» Required work:
In the records below, repeat exactly the lines between the line holding "slept in jail." and the line holding "En ung kvinna", inclusive, and drop the pictures.

──────── Provided entries

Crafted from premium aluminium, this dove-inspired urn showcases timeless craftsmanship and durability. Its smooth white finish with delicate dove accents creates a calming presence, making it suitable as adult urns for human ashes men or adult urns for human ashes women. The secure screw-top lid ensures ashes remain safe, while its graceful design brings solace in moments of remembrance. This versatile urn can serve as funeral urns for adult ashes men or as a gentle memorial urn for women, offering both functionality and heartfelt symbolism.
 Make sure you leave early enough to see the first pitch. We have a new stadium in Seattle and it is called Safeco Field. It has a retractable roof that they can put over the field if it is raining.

────────────────
──────── Provided entries

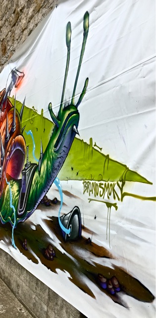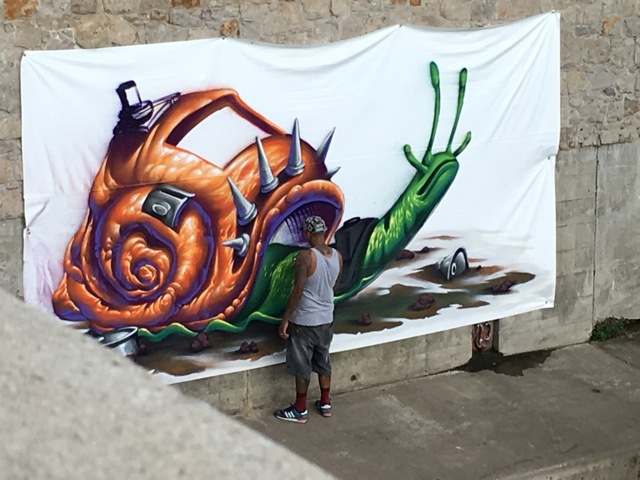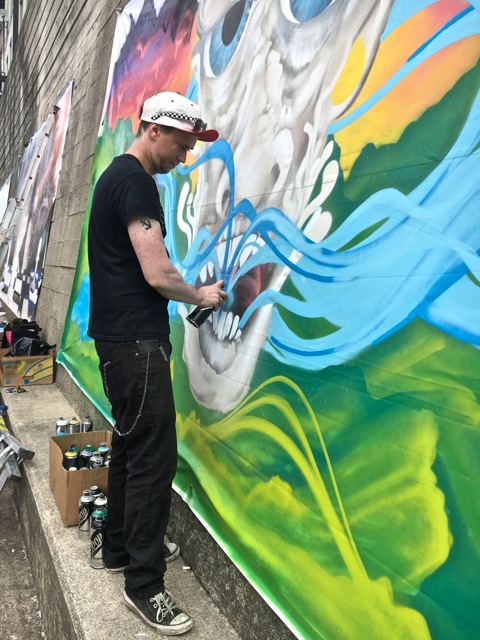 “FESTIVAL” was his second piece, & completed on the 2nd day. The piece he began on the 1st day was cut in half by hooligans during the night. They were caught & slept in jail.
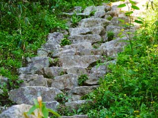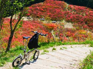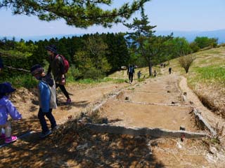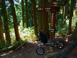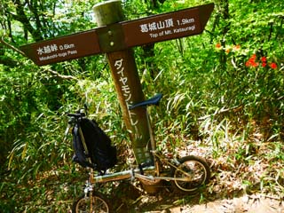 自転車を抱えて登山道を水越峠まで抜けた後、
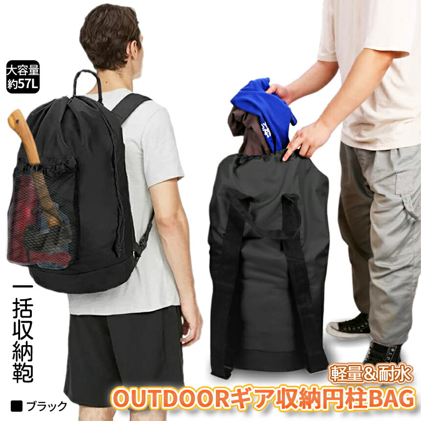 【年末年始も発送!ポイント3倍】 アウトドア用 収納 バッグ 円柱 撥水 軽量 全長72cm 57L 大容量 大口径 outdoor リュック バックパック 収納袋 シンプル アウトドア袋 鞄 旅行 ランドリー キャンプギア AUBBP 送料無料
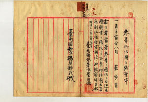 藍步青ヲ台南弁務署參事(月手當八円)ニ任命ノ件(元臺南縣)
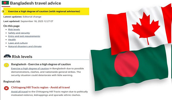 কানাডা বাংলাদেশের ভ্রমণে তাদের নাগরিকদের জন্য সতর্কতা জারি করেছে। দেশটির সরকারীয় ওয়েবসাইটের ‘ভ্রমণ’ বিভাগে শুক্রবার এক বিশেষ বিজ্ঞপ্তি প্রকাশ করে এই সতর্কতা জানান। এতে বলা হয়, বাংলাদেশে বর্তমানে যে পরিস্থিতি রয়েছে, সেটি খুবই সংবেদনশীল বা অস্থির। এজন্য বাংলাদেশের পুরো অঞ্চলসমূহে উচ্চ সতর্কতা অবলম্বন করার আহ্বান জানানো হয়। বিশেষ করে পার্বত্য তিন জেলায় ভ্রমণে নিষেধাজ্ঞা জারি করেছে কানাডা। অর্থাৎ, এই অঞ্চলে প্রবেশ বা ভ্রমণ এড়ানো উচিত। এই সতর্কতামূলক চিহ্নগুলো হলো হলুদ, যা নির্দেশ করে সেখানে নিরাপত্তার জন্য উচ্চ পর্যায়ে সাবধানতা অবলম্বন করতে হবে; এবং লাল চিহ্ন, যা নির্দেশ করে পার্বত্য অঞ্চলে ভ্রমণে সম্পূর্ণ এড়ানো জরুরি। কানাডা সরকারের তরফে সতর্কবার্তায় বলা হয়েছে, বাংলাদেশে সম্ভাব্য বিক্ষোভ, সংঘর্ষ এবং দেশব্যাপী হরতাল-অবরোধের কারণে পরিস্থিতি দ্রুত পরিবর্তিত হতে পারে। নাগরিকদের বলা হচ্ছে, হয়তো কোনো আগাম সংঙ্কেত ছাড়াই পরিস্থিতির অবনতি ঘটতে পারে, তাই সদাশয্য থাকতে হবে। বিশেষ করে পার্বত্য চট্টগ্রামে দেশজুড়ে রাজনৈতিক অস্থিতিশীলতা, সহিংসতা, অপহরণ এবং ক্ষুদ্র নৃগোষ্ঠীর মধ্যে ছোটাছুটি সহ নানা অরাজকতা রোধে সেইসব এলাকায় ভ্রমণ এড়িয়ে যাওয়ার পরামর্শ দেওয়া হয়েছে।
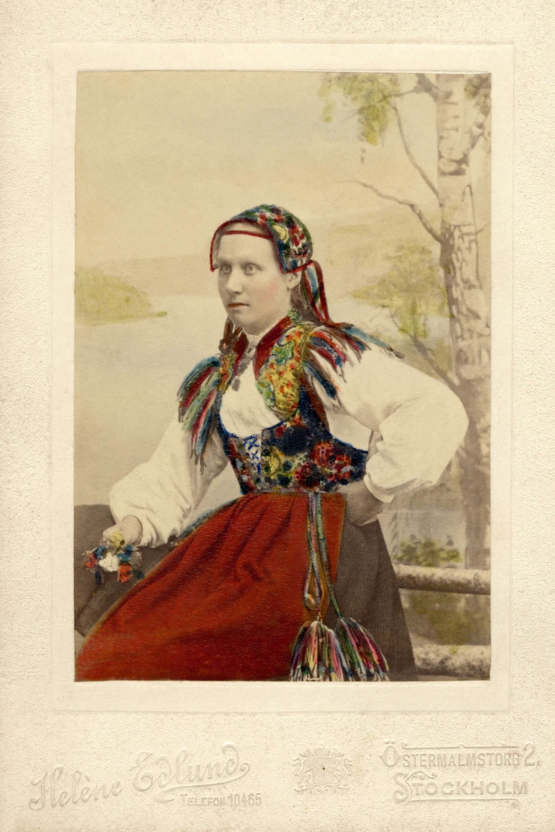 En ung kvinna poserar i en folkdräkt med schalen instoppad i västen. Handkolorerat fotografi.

────────────────

» Problem solution:
 “FESTIVAL” was his second piece, & completed on the 2nd day. The piece he began on the 1st day was cut in half by hooligans during the night. They were caught & slept in jail.
 自転車を抱えて登山道を水越峠まで抜けた後、
 【年末年始も発送!ポイント3倍】 アウトドア用 収納 バッグ 円柱 撥水 軽量 全長72cm 57L 大容量 大口径 outdoor リュック バックパック 収納袋 シンプル アウトドア袋 鞄 旅行 ランドリー キャンプギア AUBBP 送料無料
 藍步青ヲ台南弁務署參事(月手當八円)ニ任命ノ件(元臺南縣)
 কানাডা বাংলাদেশের ভ্রমণে তাদের নাগরিকদের জন্য সতর্কতা জারি করেছে। দেশটির সরকারীয় ওয়েবসাইটের ‘ভ্রমণ’ বিভাগে শুক্রবার এক বিশেষ বিজ্ঞপ্তি প্রকাশ করে এই সতর্কতা জানান। এতে বলা হয়, বাংলাদেশে বর্তমানে যে পরিস্থিতি রয়েছে, সেটি খুবই সংবেদনশীল বা অস্থির। এজন্য বাংলাদেশের পুরো অঞ্চলসমূহে উচ্চ সতর্কতা অবলম্বন করার আহ্বান জানানো হয়। বিশেষ করে পার্বত্য তিন জেলায় ভ্রমণে নিষেধাজ্ঞা জারি করেছে কানাডা। অর্থাৎ, এই অঞ্চলে প্রবেশ বা ভ্রমণ এড়ানো উচিত। এই সতর্কতামূলক চিহ্নগুলো হলো হলুদ, যা নির্দেশ করে সেখানে নিরাপত্তার জন্য উচ্চ পর্যায়ে সাবধানতা অবলম্বন করতে হবে; এবং লাল চিহ্ন, যা নির্দেশ করে পার্বত্য অঞ্চলে ভ্রমণে সম্পূর্ণ এড়ানো জরুরি। কানাডা সরকারের তরফে সতর্কবার্তায় বলা হয়েছে, বাংলাদেশে সম্ভাব্য বিক্ষোভ, সংঘর্ষ এবং দেশব্যাপী হরতাল-অবরোধের কারণে পরিস্থিতি দ্রুত পরিবর্তিত হতে পারে। নাগরিকদের বলা হচ্ছে, হয়তো কোনো আগাম সংঙ্কেত ছাড়াই পরিস্থিতির অবনতি ঘটতে পারে, তাই সদাশয্য থাকতে হবে। বিশেষ করে পার্বত্য চট্টগ্রামে দেশজুড়ে রাজনৈতিক অস্থিতিশীলতা, সহিংসতা, অপহরণ এবং ক্ষুদ্র নৃগোষ্ঠীর মধ্যে ছোটাছুটি সহ নানা অরাজকতা রোধে সেইসব এলাকায় ভ্রমণ এড়িয়ে যাওয়ার পরামর্শ দেওয়া হয়েছে।
 En ung kvinna poserar i en folkdräkt med schalen instoppad i västen. Handkolorerat fotografi.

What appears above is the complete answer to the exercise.